-- Aim of the exercise --
The lines to return run from the start of the material below through the line holding "In de oeverzone", both included; please give them back exactly, minus the pictures.

-- Extracted material follows --

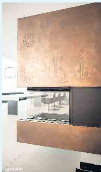
Einzigartige, stylische und gemütliche Raumgestaltung von „purmetalico“

Der Malerbetrieb Schnorbus aus Züschen verleiht jeder Oberfläche mit Echtmittel-Beschichtungen durch besondere Texturen, Strukturen sowie natürlicher Patina eine besondere Note. Purmetalico von Volimea ist eine wärmeleitfähige, magnetische und reaktive Wandbeschichtung mit metalltypischen Eigenschaften.
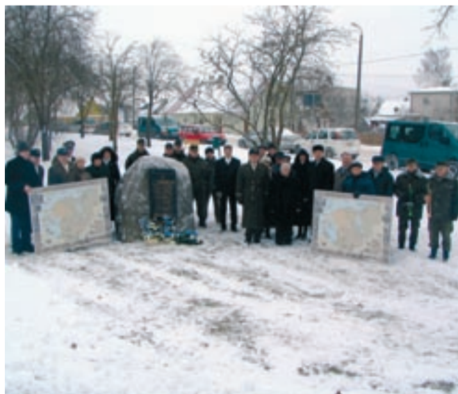
Mälestusetaht Vabadussõjas langenute mälestuskivi juures toimus 9. jaanuaril. Koolidele kingiti kaardid “Eesti Vabadussõda 1918 - 1920”.
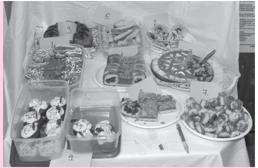
A sütiversenyre érkezett sütemények
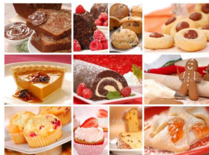
Figura 12. Galletas y pasteles

Nutricionalmente, en su contenido abundan los hidratos de carbono (como el almidón y sacarosa), con un contenido muy inconstante en la cantidad de lípidos. Este tipo de alimentos con alta densidad energética no deben sustituir a la fruta fresca como postre, ya que el abuso en su consumo puede significar un exceso calórico en la dieta. De cierta manera, un consumo moderado y ocasional no refiere inconvenientes y puede complementar y alegrar el menú de una festividad.
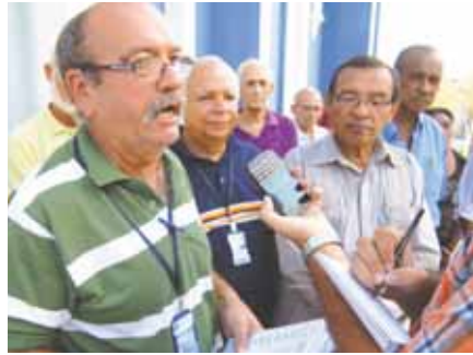
Jubilados aseguran que tienen problemas con el Seguro Social.

"Le llevamos un oficio al CLEZ que luego fue redirigido al departamento de Desarrollo Social, cuando lo único que le pedíamos es que interviniera ante el problema", mencionó.
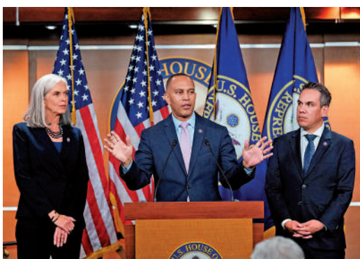
▲傑弗里斯（中）、克拉克（左）和阿圭拉躋身民主黨領導層。

【大公報訊】據美聯社報道：當地時間11月30日，美國國會眾議院民主黨進行黨內選舉，52歲的紐約州眾議員傑弗里斯全票當選眾院民主黨領袖，成為佩洛西的接班人，亦是首位在國會擔任黨派領導人的非裔。馬薩諸塞州眾議員克拉克和加州眾議員阿圭拉分別當選眾院民主黨黨鞭和黨團會議主席，與傑弗里斯組成新一代領導核心。
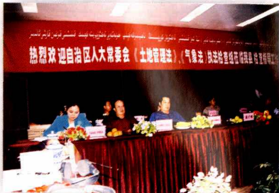
2004年5月11日,自治区人大在阿克苏地区检查《土地管理法》、《气象法》执行情况
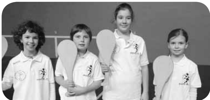
> Zapatu honetan Elorrixoko gomazko palako neskek eskolarteko finala jokatu dute Balmasedan. Primerako denboraldia egin eta gero, orain daukate aukera txapela eskuratzeko. Aupa laukote, zuek ahal duzue!
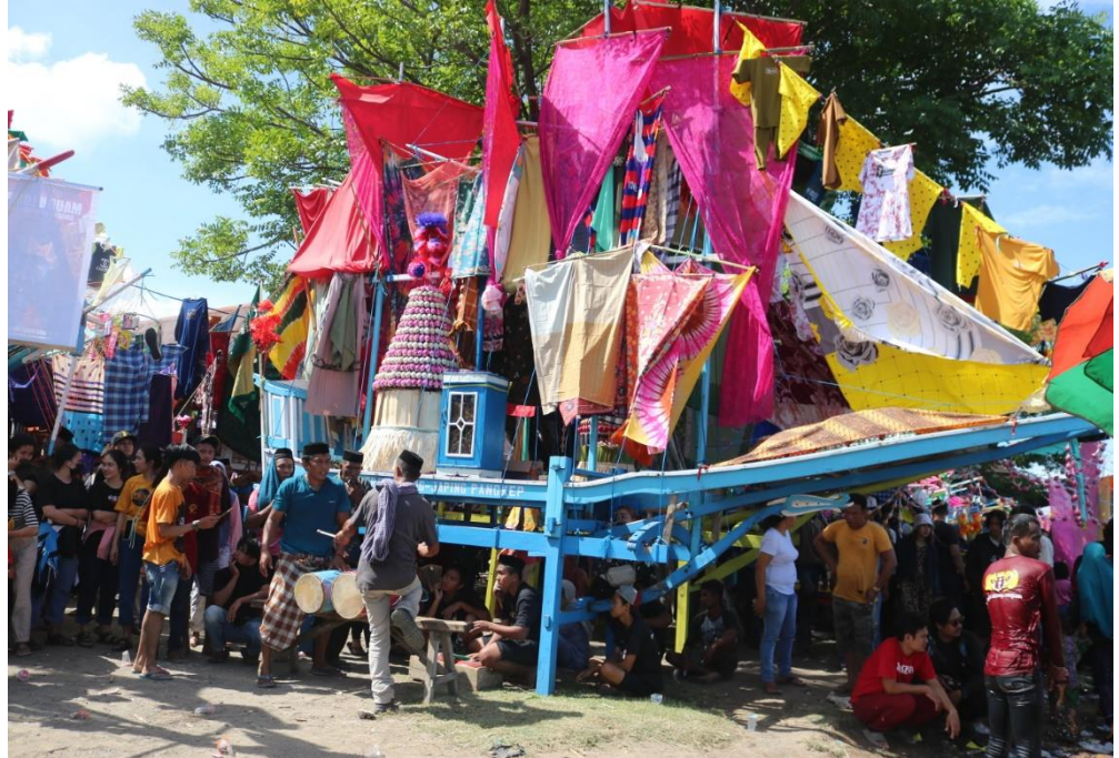
Foto 17. Mengantar Kanre Maudu
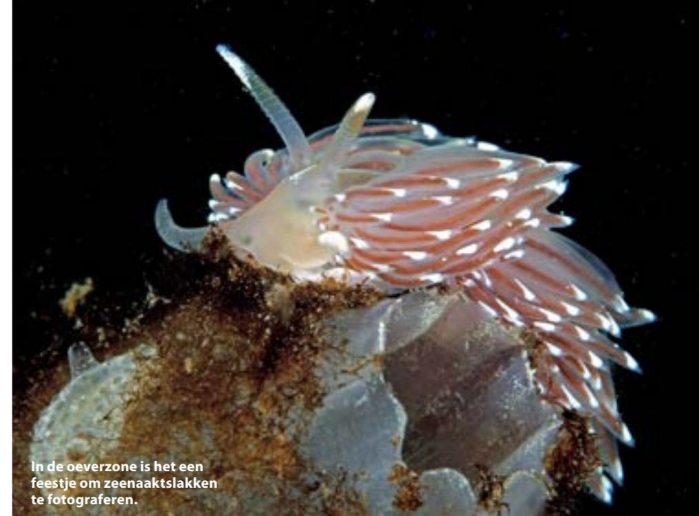
In de oeverzone is het een feestje om zeenaaktslakken te fotograferen.

Het is geweldig deze dagen, al zou je dat niet zeggen van de watertemperatuur in de Oosterschelde... Zes graden! We duiken bij de Zeelandbrug en ik heb besloten macrofotografie te gaan doen. Zeenaaktslakken komen in overvloed voorbij op social media, dus het moet gek lopen als wij daar ook niet van kunnen genieten. De tubularia staat prachtig te wuiven in de stroming en ik vind een ringsprietslak boven op de steel van een kokerworm. Na de duik is er zelfs gelegenheid om lekker wat bij te kleuren in het zonnetje, heerlijk dit voorjaar. We duiken deze week nog bij Dreischor in de Grevelingen en ook hier is het een feestje om de zeenaaktslakken en de oeverzone te fotograferen. Met al dat mooie weer is er tussendoor voldoende gelegenheid om de flamingo's in het Grevelingemeer te bekijken. Als dat geen goed gevoel geeft, weet ik het ook niet meer.
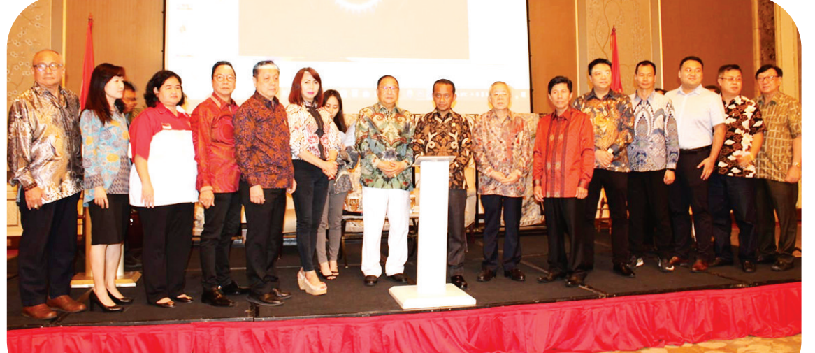
巴赫里尔与黄德新以及管理层一起出席印中智慧城市博览会启动仪式

他解释说:“刚才提问,政府对在印尼投资的保障是什么。过去办证难,我将保证办证易。办理许可证很简单,要料理采矿许可证(IUP)、对环境影响的分析(Amdal),位置许可证,都根据《创造就
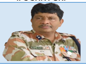
HON. RAJEEV LOCHAN SHUKLA DIG SHIVPURI (ITBP)
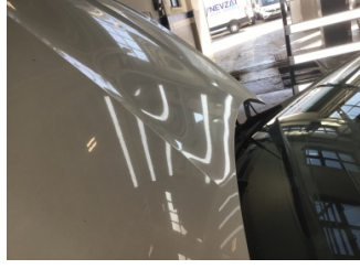
Motor kaputu, Motor kaputu > Noktasal Ezik
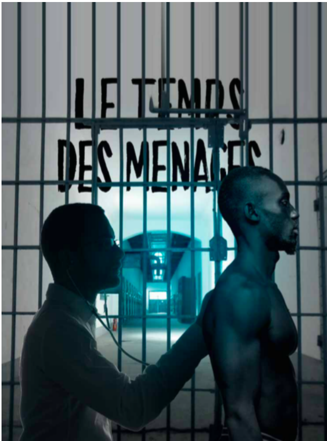
Figure 4. Aides, « Santé des étrangères : la dégradation en marche ! », Gingembre, 2019, no. 41 : 3.

côté. Un jeu de contraste tout aussi travaillé que la mise en scène découpe son deltoïde et ses triceps 350 . Il est grand, bien bâti, les traits de son visage sont harmonieux. Le fait de les représenter l'un derrière l'autre peut en outre faire référence à une position sexuelle où c'est l'homme blanc qui serait actif, et l'homme noir passif. Si la représentation d'une domination dans l'acte sexuel – ici la suggestion d'une sodomie – par celui qui est actif est bien sûr critiquable, elle imprègne les imaginaires sexuels gays.
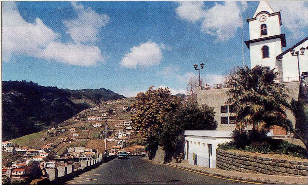
Estreito de Câmara de Lobos: a Europa em debate.
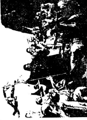
Εικόνα 1. Ο Γεώργιος Κολοκοτρώνης, ο Παλαιών Πατρών Γερμανός κήρυξε την Επανάσταση του 1821 στο Μοναστήρι της Αγίας Λαύρας.

Εικόνα 2. Το φύλλο της εφ. Η Φωνή των Καλαβρύτων, όπου αναδημοσιεύτηκε το κείμενο από την εφ. Le Constitutionnel.
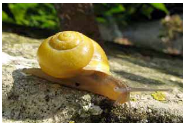
Les bandes peuvent être absentes...
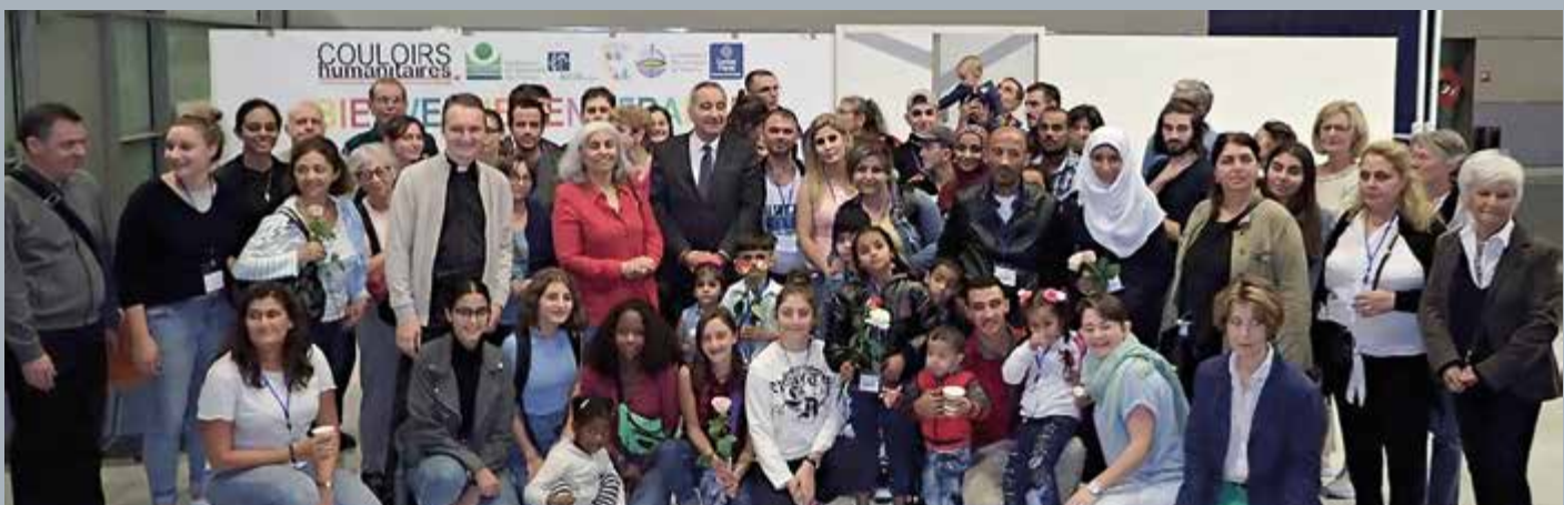
Accueil de familles syriennes venant du Liban via les couloirs humanitaires le 6 octobre 2018.

Pour plus de renseignements : 01 42 03 11 41 - contact@santegidio.fr - www.santegidio.org
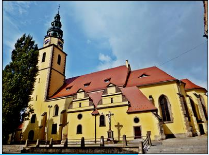
zob. Kościół pw. św. Michała Archanioła
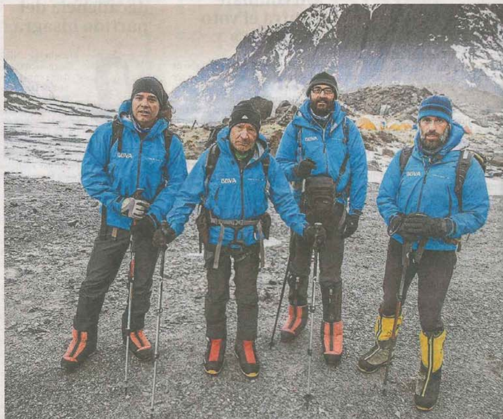
Cuatro montañeros españoles de una expedición, rescatados y ya a salvo en Katmandú

El reto al que se enfrentan es titánico porque dicho valle, a unos 4.000 metros de altitud, ha quedado arrasado por los corrimientos de tierra que provocó el terremoto. «Es como si hubiera caído allí una bomba atómica; una ladera se ha derrumbado por completo y otra parece haber sufrido su onda expansiva», detalló el teniente coronel Fernando Olalde, agregado militar de la Embajada española en la India. A bordo de un helicóptero, Olalde sobrevoló ayer el lugar para comprobar su grado de destrucción y buscar el
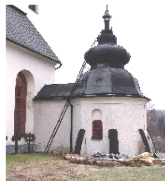
Pannhus och kolhus, från 1902-års restaurering. Ark. I. Wahlman
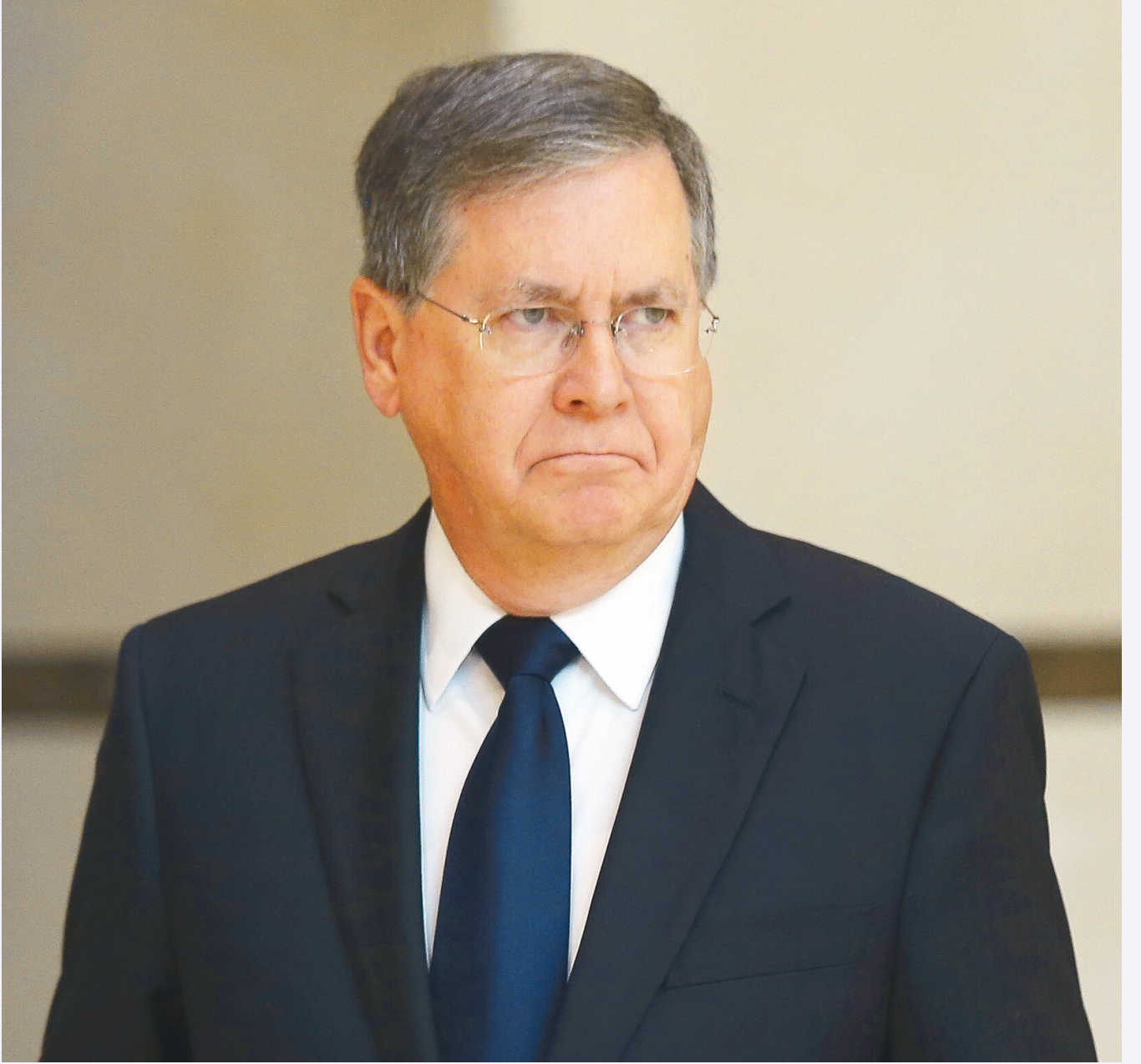
ABD Büyükelçisi David Satterfield
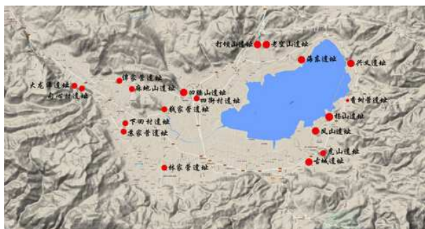
杞麓湖盆地贝丘遗址分布图

同时由玉溪市文物管理所、通海县文物管理所共同开展的杞麓湖区域调查已取得重要收获，在杞麓湖盆地范围内发现贝丘遗址20余处。项目组将择机对这些遗址开展进一步的勘探，以确定这些贝丘遗址的文化内涵及面积规模，为宏观的区域聚落研究积累材料，以期深化杞麓湖盆地的考古研究工作。

-- Extracted material concluded --

-- Response to this exercise --
Einzigartige, stylische und gemütliche Raumgestaltung von „purmetalico“

Der Malerbetrieb Schnorbus aus Züschen verleiht jeder Oberfläche mit Echtmittel-Beschichtungen durch besondere Texturen, Strukturen sowie natürlicher Patina eine besondere Note. Purmetalico von Volimea ist eine wärmeleitfähige, magnetische und reaktive Wandbeschichtung mit metalltypischen Eigenschaften.
Mälestusetaht Vabadussõjas langenute mälestuskivi juures toimus 9. jaanuaril. Koolidele kingiti kaardid “Eesti Vabadussõda 1918 - 1920”.
A sütiversenyre érkezett sütemények
Figura 12. Galletas y pasteles

Nutricionalmente, en su contenido abundan los hidratos de carbono (como el almidón y sacarosa), con un contenido muy inconstante en la cantidad de lípidos. Este tipo de alimentos con alta densidad energética no deben sustituir a la fruta fresca como postre, ya que el abuso en su consumo puede significar un exceso calórico en la dieta. De cierta manera, un consumo moderado y ocasional no refiere inconvenientes y puede complementar y alegrar el menú de una festividad.
Jubilados aseguran que tienen problemas con el Seguro Social.

"Le llevamos un oficio al CLEZ que luego fue redirigido al departamento de Desarrollo Social, cuando lo único que le pedíamos es que interviniera ante el problema", mencionó.
▲傑弗里斯（中）、克拉克（左）和阿圭拉躋身民主黨領導層。

【大公報訊】據美聯社報道：當地時間11月30日，美國國會眾議院民主黨進行黨內選舉，52歲的紐約州眾議員傑弗里斯全票當選眾院民主黨領袖，成為佩洛西的接班人，亦是首位在國會擔任黨派領導人的非裔。馬薩諸塞州眾議員克拉克和加州眾議員阿圭拉分別當選眾院民主黨黨鞭和黨團會議主席，與傑弗里斯組成新一代領導核心。
2004年5月11日,自治区人大在阿克苏地区检查《土地管理法》、《气象法》执行情况
> Zapatu honetan Elorrixoko gomazko palako neskek eskolarteko finala jokatu dute Balmasedan. Primerako denboraldia egin eta gero, orain daukate aukera txapela eskuratzeko. Aupa laukote, zuek ahal duzue!
Foto 17. Mengantar Kanre Maudu
In de oeverzone is het een feestje om zeenaaktslakken te fotograferen.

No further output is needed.